## [Information provided]

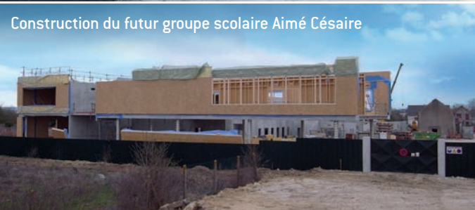
La ferme réhabilitée accueillera le futur groupe scolaire Aimé Césaire

La ferme du Mesnil, véritable patrimoine agricole du site, fut d'abord la propriété de Paul Gabriel Chevrier, inventeur du procédé de conservation permettant aux haricots secs de garder leur couleur verte.
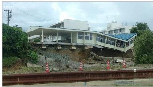
被害を受けた学校施設(朝倉)
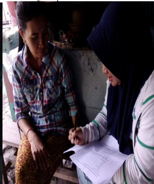
Wawancara dengan Responden

## [Required action]
The answer should match the data above word for word, with no pictures in it.

## [Solution to this problem]
La ferme réhabilitée accueillera le futur groupe scolaire Aimé Césaire

La ferme du Mesnil, véritable patrimoine agricole du site, fut d'abord la propriété de Paul Gabriel Chevrier, inventeur du procédé de conservation permettant aux haricots secs de garder leur couleur verte.
被害を受けた学校施設(朝倉)
Wawancara dengan Responden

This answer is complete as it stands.